** How to complete this task **
What is needed is an exact copy of the lines in the listing below, from the one with "- Fun to DIY" up to and including the one with "(a) をタップすると、AI運転提案の有効 / 無効が切り替わります。", with no other lines.

** Extracted records **
'''

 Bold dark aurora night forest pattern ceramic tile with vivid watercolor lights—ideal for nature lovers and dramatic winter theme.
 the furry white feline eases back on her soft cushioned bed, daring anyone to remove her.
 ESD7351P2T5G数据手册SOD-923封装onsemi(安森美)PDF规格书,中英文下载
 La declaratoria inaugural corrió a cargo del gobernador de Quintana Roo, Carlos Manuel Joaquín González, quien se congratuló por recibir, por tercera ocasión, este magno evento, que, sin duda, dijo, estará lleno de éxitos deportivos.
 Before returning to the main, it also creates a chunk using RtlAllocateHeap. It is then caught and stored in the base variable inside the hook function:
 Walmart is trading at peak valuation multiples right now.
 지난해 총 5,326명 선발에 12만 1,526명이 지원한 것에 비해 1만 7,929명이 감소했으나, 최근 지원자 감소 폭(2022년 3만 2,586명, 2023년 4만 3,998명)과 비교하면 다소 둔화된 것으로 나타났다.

'''
'''

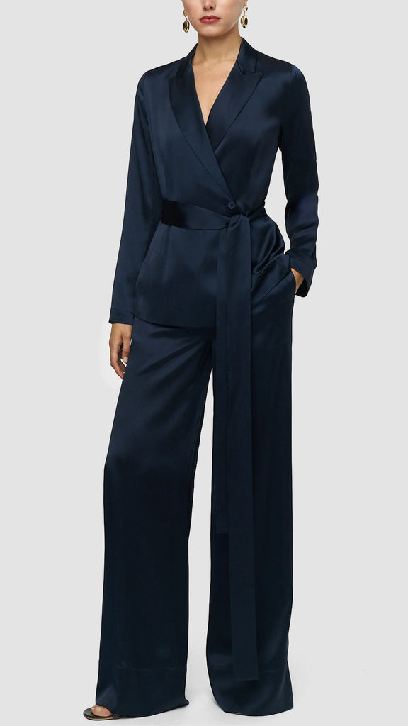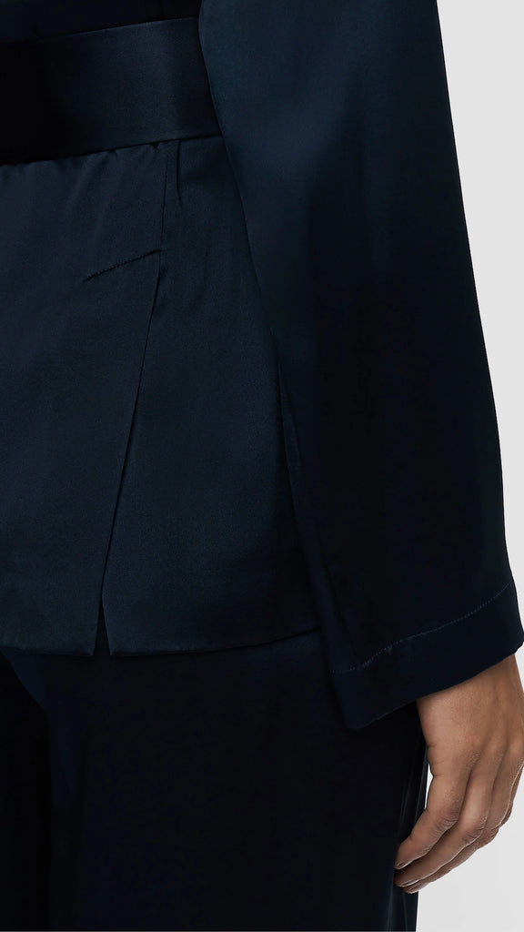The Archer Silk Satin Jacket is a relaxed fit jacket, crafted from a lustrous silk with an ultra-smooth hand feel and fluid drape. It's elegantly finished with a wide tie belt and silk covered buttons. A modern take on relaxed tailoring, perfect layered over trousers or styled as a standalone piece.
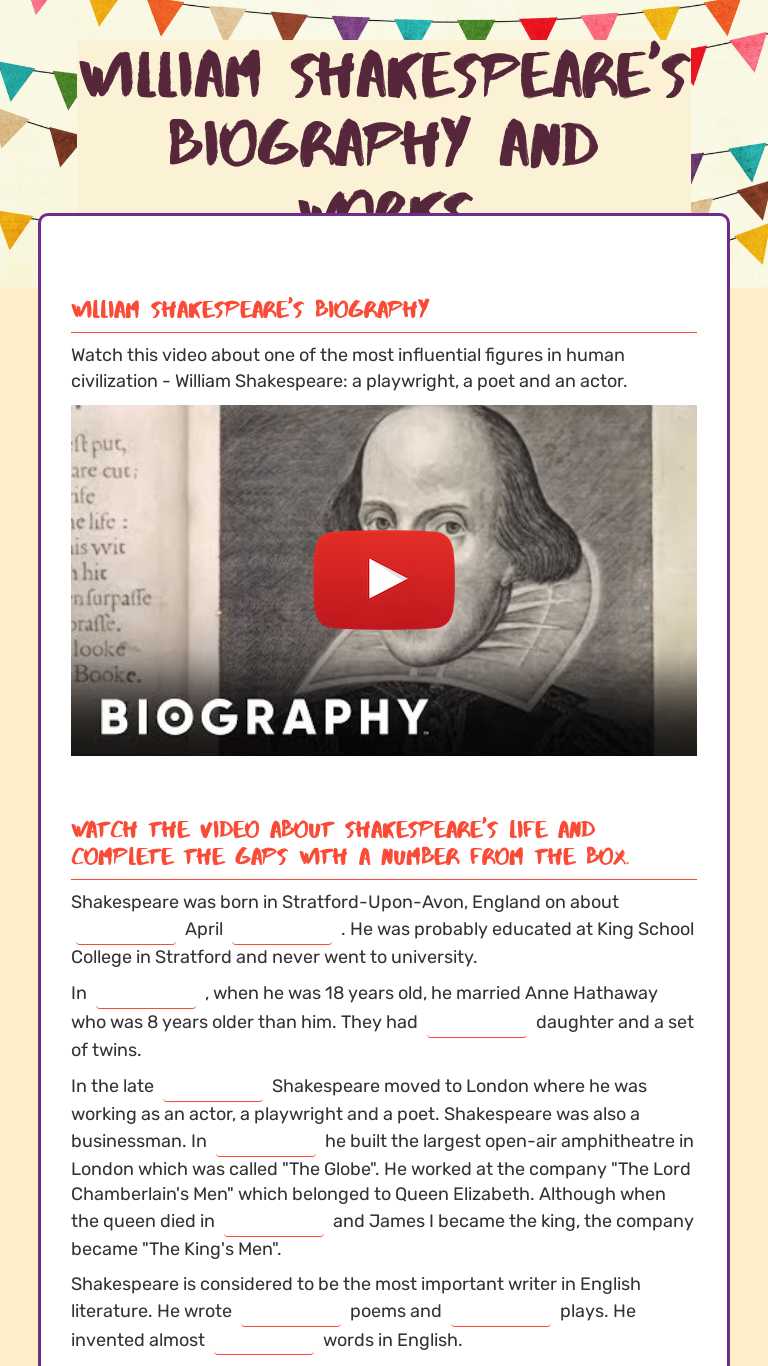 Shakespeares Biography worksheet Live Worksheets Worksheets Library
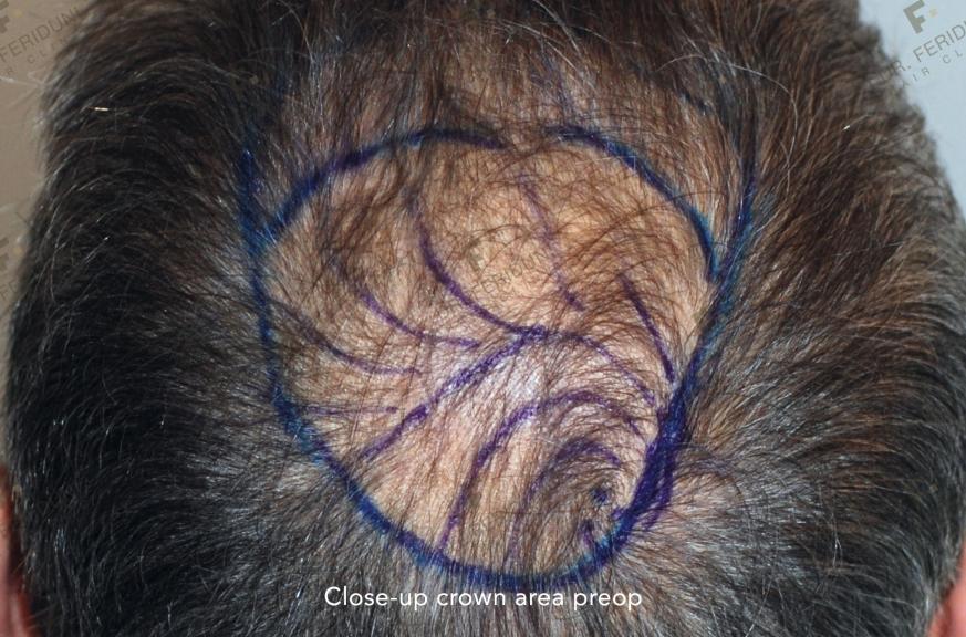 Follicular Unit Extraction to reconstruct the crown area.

'''
'''

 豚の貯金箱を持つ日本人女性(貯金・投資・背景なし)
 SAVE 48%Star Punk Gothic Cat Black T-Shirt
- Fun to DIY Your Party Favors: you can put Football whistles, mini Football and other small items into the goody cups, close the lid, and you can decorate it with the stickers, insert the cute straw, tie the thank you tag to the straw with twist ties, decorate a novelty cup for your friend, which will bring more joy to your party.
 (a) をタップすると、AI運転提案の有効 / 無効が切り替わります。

'''

** Answer to this task **
- Fun to DIY Your Party Favors: you can put Football whistles, mini Football and other small items into the goody cups, close the lid, and you can decorate it with the stickers, insert the cute straw, tie the thank you tag to the straw with twist ties, decorate a novelty cup for your friend, which will bring more joy to your party.
 (a) をタップすると、AI運転提案の有効 / 無効が切り替わります。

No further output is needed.